* Task goal:
Exclude pictures; retype the lines below from the line containing "由于盐度高,即使在千里冰封万" through the end of the records, both ends kept.

* Data extracts:
=== Section Start ===

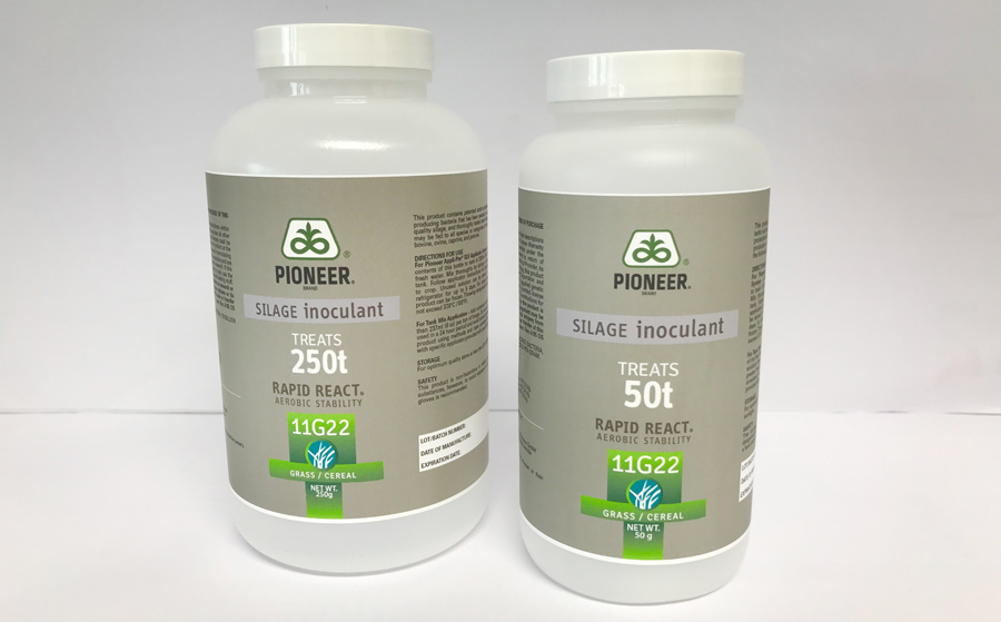 “Pioneer brand 11G22RR for grass silage, contains a combination of patented and proprietary strains of Lactobacillus buchneri and Lactobacillus plantarum, with the Rapid React strain able to produce aerobically stable silage much quicker than formulations without it.”
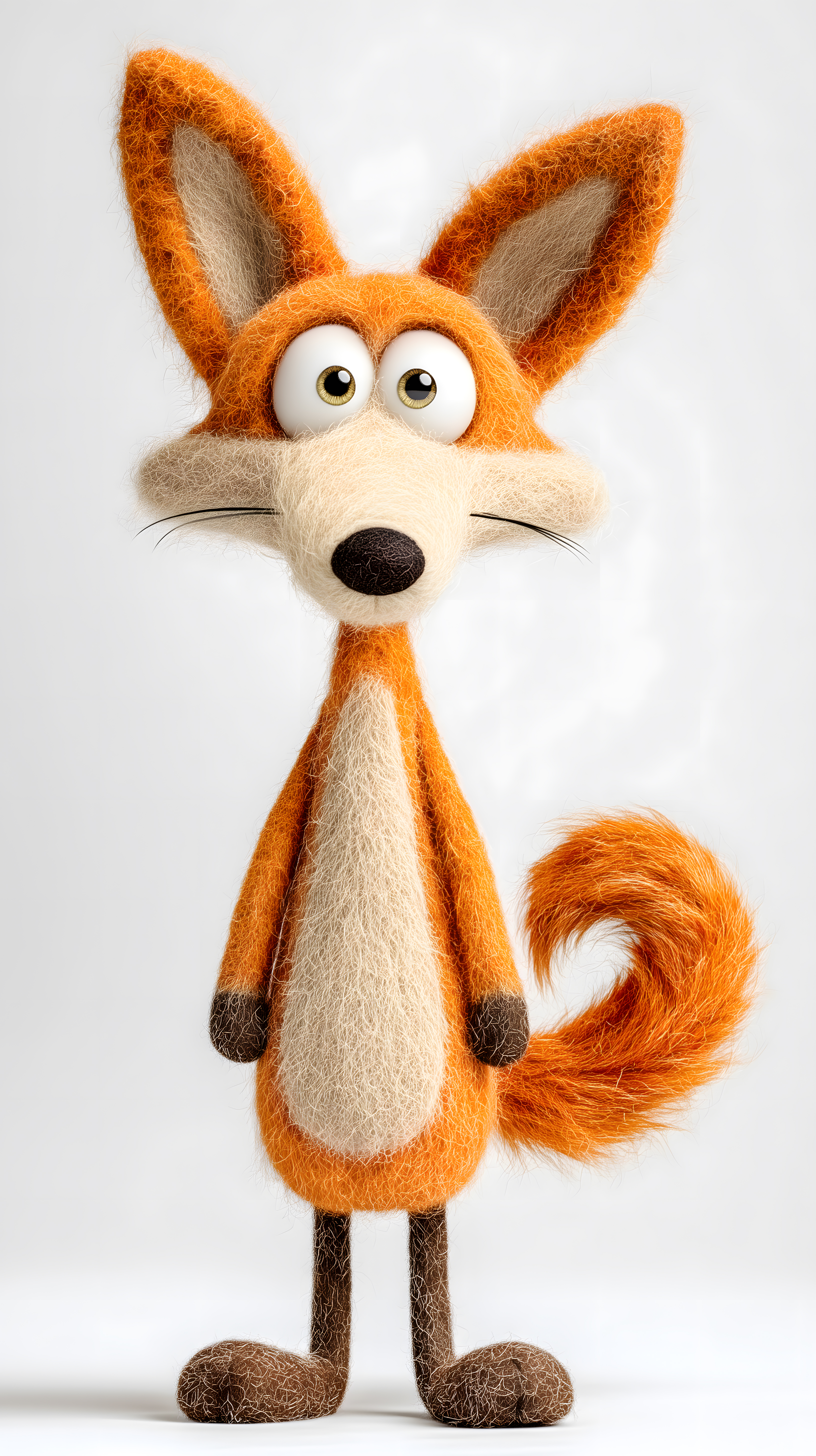 Das Bild zeigt eine detailgetreue, flauschige Darstellung eines orangefarbenen Fuchskopfes vor weißem Hintergrund. Die Nahaufnahme lässt die lebendigen Texturen und Farbschattierungen des Plüschtiers deutlich erkennen. Die klare Komposition mit dem Fokus auf das Gesicht des Fuchses schafft eine einladende, fast schon zutrauliche Atmosphäre.
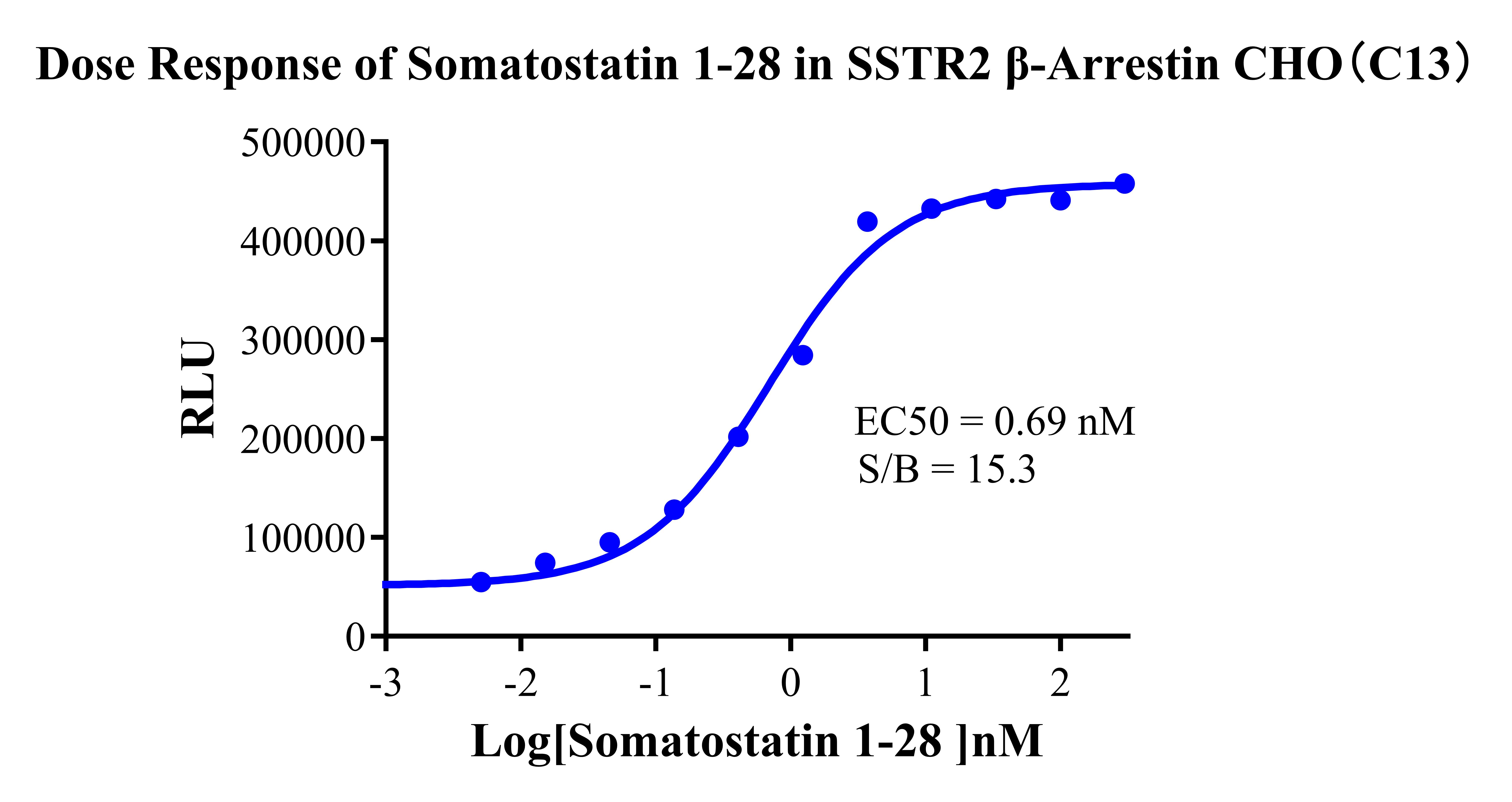 SSTR2 β-Arrestin CHO 報告基因藥靶模型很好的模擬了體內 SSTR2/β-Arrestin 的信號 轉導過程,原理見下圖所示。當缺乏配體刺激時,β-Arrestin 不與 SSTR2 結合,融合β- Arrestin 的熒光素酶處于失活構象,當 SSTR2 遭遇配體刺激時,融合熒光素酶報告基因的 β-Arrestin 被招募,使熒光素酶報告基因處于激活狀態,加入其底物后發光信號增強。
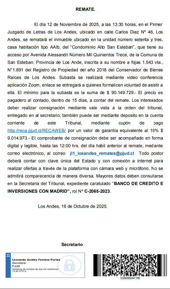 El día 12 de Noviembre de 2025, a las 13:30 horas, en el Primer Juzgado de Letras de Los Andes, ubicado en calle Carlos Diaz Nº 46, Los Andes, se rematará el inmueble ubicado en la unidad número setenta y tres, casa habitación tipo AAlb, del “Condominio Alto San Esteban”, que tiene su acceso por Avenida Alessandri Número Mil Quinientos Trece, de la Comuna de San Esteban, Provincia de Los Andes, inscrita a su nombre a fojas 1.543 vta., N°1.891 del Registro de Propiedad del año 2018 del Conservador de Bienes Raíces de Los Andes. Subasta se realizará mediante video conferencia aplicación Zoom, enlace se entregará a quienes formalicen voluntad de asistir a ella. El mínimo para la subasta es la suma de $ 90.149.729.- El precio es pagadero al contado, dentro de 15 días, a contar del remate. Los interesados deber realizar consignación mediante vale vista a la orden del tribunal, entregado en al secretario, también puede ser mediante deposito en la cuenta corriente de este Tribunal, mediante cupón de pago http://reca.pjud.cl/RECAWEB/ por un valor de garantía equivalente al 10% $ 9.014.973.- El comprobante de consignación debe ser acompañado en forma digital y legible, hasta las 12:00 hrs. del día hábil anterior al remate, mediante correo electrónico, al correo jl1_losandes_remates@pjud.cl Todo postor deberá contar con clave única del Estado y con conexión a internet para realizar ofertas a través de la plataforma con cámara web y micrófono. No se admitirá comparecencia de manera diversa. Mayores datos deben consultarse en la Secretaría del Tribunal, expediente caratulado “BANCO DE CREDITO E INVERSIONES CON MADRID”, rol Nº C-2065-2023.
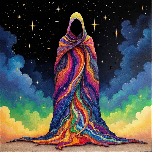 24 days ago A cloaked figure with a long, flowing cloak stands against a starry sky background. Swirling patterns of color in the robe and stars around it symbolize a cosmic connection or spiritual illumination. This artwork is a mixed media painting with vibrant colors and intricate details.in the style of Crocheted --v 5.2 fa14dd77182 1 16
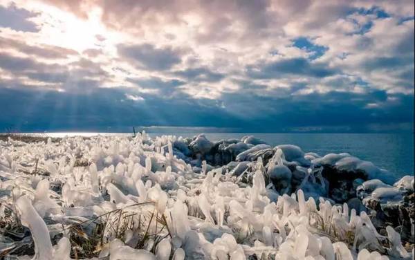 由于盐度高,即使在千里冰封万里雪飘的时候,这里的湖水也依旧湛蓝,所以伊塞克湖又称“盐湖”或者“热湖”。
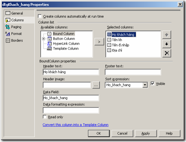 Create columns automatically at runtime: Khi chọn chức năng này, DataGrid sẽ tự động phát sinh đầy đủ các cột có trong nguồn dữ liệu. Nếu chúng ta muốn qui định các cột cần hiển thị, chúng ta không chọn chức năng này.

=== Section End ===

* Task answer:
 由于盐度高,即使在千里冰封万里雪飘的时候,这里的湖水也依旧湛蓝,所以伊塞克湖又称“盐湖”或者“热湖”。
 Create columns automatically at runtime: Khi chọn chức năng này, DataGrid sẽ tự động phát sinh đầy đủ các cột có trong nguồn dữ liệu. Nếu chúng ta muốn qui định các cột cần hiển thị, chúng ta không chọn chức năng này.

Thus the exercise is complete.